Saved entries

■ ■ ■

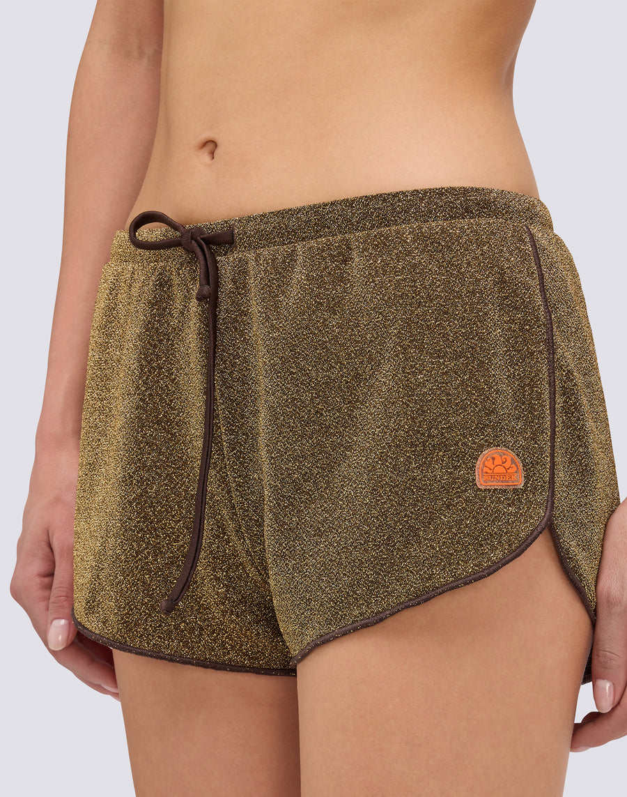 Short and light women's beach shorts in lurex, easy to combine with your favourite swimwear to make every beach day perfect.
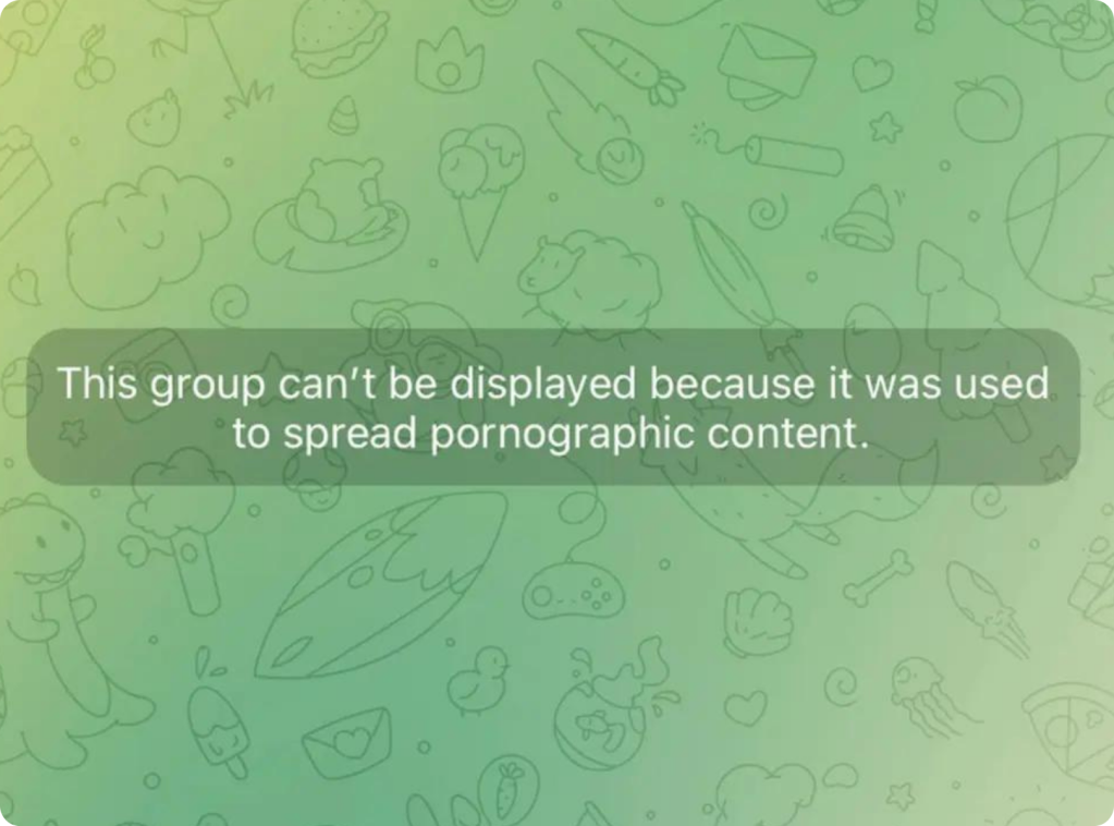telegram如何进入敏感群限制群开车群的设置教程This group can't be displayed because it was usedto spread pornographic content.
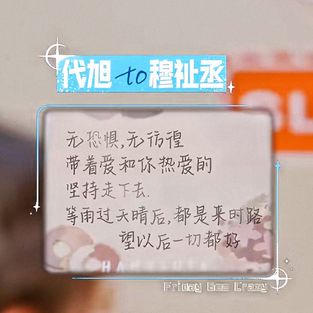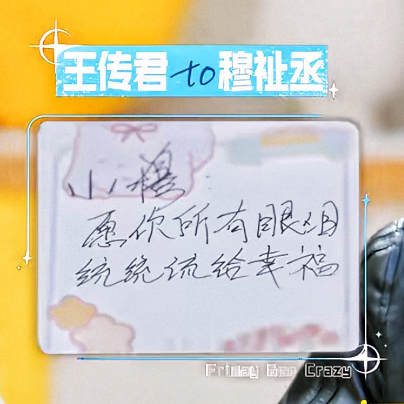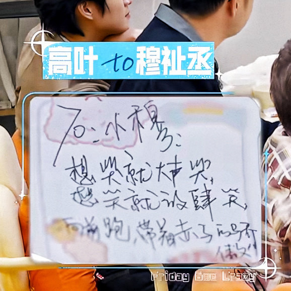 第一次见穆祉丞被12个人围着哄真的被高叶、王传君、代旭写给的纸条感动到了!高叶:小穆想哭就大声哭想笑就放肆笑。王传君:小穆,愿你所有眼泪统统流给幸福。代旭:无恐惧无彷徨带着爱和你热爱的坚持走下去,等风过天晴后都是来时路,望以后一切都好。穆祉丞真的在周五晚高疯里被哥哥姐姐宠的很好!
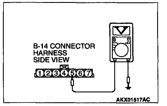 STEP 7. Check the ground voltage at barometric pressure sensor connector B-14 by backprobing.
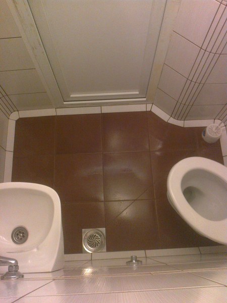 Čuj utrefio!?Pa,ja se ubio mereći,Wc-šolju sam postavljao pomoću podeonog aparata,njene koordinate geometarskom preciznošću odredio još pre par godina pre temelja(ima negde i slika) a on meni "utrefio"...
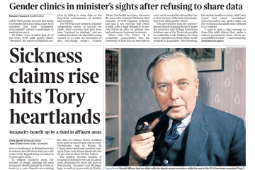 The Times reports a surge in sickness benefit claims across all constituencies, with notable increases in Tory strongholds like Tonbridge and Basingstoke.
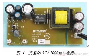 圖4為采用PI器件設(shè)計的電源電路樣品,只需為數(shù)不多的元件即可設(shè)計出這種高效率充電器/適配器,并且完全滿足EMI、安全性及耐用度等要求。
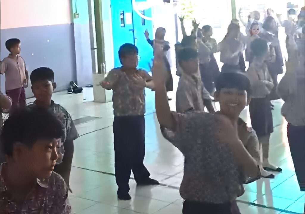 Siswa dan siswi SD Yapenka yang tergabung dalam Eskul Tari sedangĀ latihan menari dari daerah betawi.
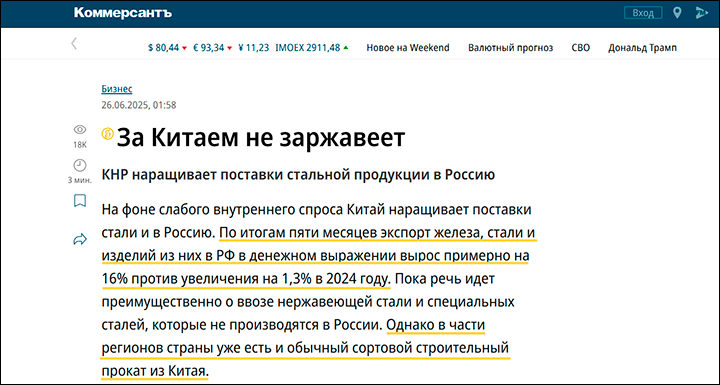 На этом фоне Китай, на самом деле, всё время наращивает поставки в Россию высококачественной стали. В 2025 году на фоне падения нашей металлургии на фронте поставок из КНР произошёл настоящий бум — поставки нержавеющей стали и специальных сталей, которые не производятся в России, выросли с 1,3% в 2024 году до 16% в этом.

■ ■ ■

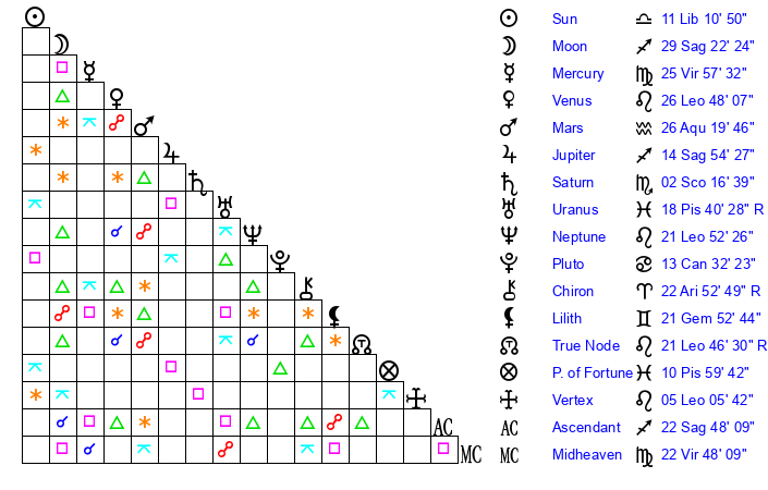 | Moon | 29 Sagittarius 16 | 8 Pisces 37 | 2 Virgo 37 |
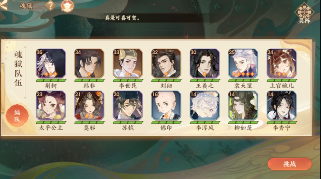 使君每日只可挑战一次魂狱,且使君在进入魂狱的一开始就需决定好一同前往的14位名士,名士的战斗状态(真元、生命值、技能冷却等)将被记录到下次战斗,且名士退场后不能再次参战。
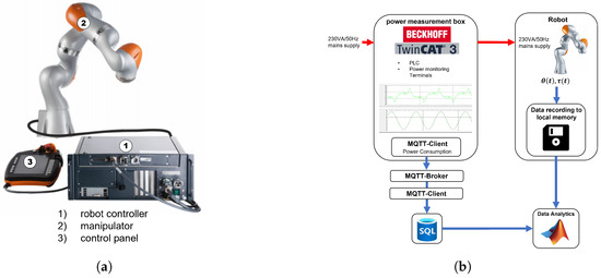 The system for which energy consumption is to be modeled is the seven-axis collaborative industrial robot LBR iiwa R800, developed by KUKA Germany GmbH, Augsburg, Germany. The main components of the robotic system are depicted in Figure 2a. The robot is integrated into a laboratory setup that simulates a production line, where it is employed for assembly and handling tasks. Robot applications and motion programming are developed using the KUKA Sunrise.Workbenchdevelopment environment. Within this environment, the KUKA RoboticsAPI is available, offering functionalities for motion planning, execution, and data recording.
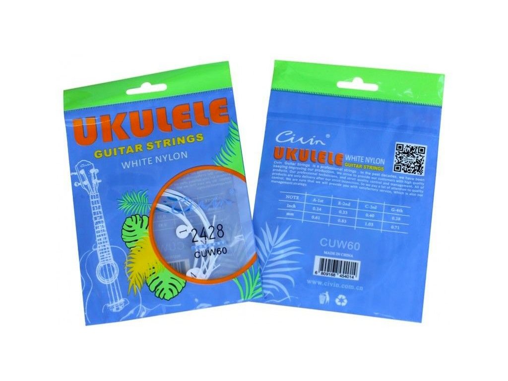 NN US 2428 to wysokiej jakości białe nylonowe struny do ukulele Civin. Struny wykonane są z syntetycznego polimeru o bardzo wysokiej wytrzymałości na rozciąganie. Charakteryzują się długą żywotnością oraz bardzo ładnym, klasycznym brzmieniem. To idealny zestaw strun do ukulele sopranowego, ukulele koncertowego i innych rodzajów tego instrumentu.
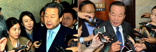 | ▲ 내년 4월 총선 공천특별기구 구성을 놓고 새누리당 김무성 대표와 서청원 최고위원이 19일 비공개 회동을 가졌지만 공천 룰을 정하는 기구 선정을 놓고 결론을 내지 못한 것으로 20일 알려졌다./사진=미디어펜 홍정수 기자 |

■ ■ ■

**TASK REQUIREMENTS:**
Above are the records; restate exactly the lines from the one containing "第一次见穆祉丞被12个人围着" through the one containing "На этом фоне", keeping pictures out.

**ANSWER TO THE PROBLEM:**
 第一次见穆祉丞被12个人围着哄真的被高叶、王传君、代旭写给的纸条感动到了!高叶:小穆想哭就大声哭想笑就放肆笑。王传君:小穆,愿你所有眼泪统统流给幸福。代旭:无恐惧无彷徨带着爱和你热爱的坚持走下去,等风过天晴后都是来时路,望以后一切都好。穆祉丞真的在周五晚高疯里被哥哥姐姐宠的很好!
 STEP 7. Check the ground voltage at barometric pressure sensor connector B-14 by backprobing.
 Čuj utrefio!?Pa,ja se ubio mereći,Wc-šolju sam postavljao pomoću podeonog aparata,njene koordinate geometarskom preciznošću odredio još pre par godina pre temelja(ima negde i slika) a on meni "utrefio"...
 The Times reports a surge in sickness benefit claims across all constituencies, with notable increases in Tory strongholds like Tonbridge and Basingstoke.
 圖4為采用PI器件設(shè)計的電源電路樣品,只需為數(shù)不多的元件即可設(shè)計出這種高效率充電器/適配器,并且完全滿足EMI、安全性及耐用度等要求。
 Siswa dan siswi SD Yapenka yang tergabung dalam Eskul Tari sedangĀ latihan menari dari daerah betawi.
 На этом фоне Китай, на самом деле, всё время наращивает поставки в Россию высококачественной стали. В 2025 году на фоне падения нашей металлургии на фронте поставок из КНР произошёл настоящий бум — поставки нержавеющей стали и специальных сталей, которые не производятся в России, выросли с 1,3% в 2024 году до 16% в этом.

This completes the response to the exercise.